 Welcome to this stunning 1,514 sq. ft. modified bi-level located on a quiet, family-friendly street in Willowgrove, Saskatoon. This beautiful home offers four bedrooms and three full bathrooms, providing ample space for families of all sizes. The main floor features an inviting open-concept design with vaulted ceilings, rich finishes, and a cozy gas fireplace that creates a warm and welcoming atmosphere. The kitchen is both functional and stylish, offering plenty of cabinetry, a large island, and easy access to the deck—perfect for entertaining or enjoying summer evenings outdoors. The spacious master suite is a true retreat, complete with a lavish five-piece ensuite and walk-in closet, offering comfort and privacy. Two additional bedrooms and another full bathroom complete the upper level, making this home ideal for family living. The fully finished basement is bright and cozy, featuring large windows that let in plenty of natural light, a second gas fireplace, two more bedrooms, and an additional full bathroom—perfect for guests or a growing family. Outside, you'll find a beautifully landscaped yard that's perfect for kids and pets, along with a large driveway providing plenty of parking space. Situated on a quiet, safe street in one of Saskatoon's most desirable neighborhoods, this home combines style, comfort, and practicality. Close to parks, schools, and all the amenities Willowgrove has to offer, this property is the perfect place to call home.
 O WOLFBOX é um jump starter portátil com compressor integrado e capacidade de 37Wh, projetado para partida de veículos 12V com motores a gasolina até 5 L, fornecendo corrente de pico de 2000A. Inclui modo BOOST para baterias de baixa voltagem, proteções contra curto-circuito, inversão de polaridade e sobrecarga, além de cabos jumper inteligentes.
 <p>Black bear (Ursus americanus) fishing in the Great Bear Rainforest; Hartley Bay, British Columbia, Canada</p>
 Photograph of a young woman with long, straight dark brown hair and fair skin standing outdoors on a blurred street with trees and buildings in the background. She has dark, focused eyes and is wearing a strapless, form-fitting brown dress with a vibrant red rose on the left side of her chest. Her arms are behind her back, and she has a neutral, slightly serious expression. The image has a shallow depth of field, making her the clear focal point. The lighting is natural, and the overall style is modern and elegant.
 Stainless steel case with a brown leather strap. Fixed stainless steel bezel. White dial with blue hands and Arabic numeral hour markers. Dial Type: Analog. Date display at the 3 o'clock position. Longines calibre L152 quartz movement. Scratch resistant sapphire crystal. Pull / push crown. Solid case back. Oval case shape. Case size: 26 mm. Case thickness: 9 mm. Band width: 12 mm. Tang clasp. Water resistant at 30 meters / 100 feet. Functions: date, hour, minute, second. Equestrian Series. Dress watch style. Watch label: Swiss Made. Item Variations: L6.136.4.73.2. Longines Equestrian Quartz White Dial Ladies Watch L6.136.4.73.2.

EXERCISE OBJECTIVE:
Beginning with the line containing "<p>Black bear (Ursus", repeat each line of the listing above, exactly, through the last one, and stop there.

RESULT BELOW:
 <p>Black bear (Ursus americanus) fishing in the Great Bear Rainforest; Hartley Bay, British Columbia, Canada</p>
 Photograph of a young woman with long, straight dark brown hair and fair skin standing outdoors on a blurred street with trees and buildings in the background. She has dark, focused eyes and is wearing a strapless, form-fitting brown dress with a vibrant red rose on the left side of her chest. Her arms are behind her back, and she has a neutral, slightly serious expression. The image has a shallow depth of field, making her the clear focal point. The lighting is natural, and the overall style is modern and elegant.
 Stainless steel case with a brown leather strap. Fixed stainless steel bezel. White dial with blue hands and Arabic numeral hour markers. Dial Type: Analog. Date display at the 3 o'clock position. Longines calibre L152 quartz movement. Scratch resistant sapphire crystal. Pull / push crown. Solid case back. Oval case shape. Case size: 26 mm. Case thickness: 9 mm. Band width: 12 mm. Tang clasp. Water resistant at 30 meters / 100 feet. Functions: date, hour, minute, second. Equestrian Series. Dress watch style. Watch label: Swiss Made. Item Variations: L6.136.4.73.2. Longines Equestrian Quartz White Dial Ladies Watch L6.136.4.73.2.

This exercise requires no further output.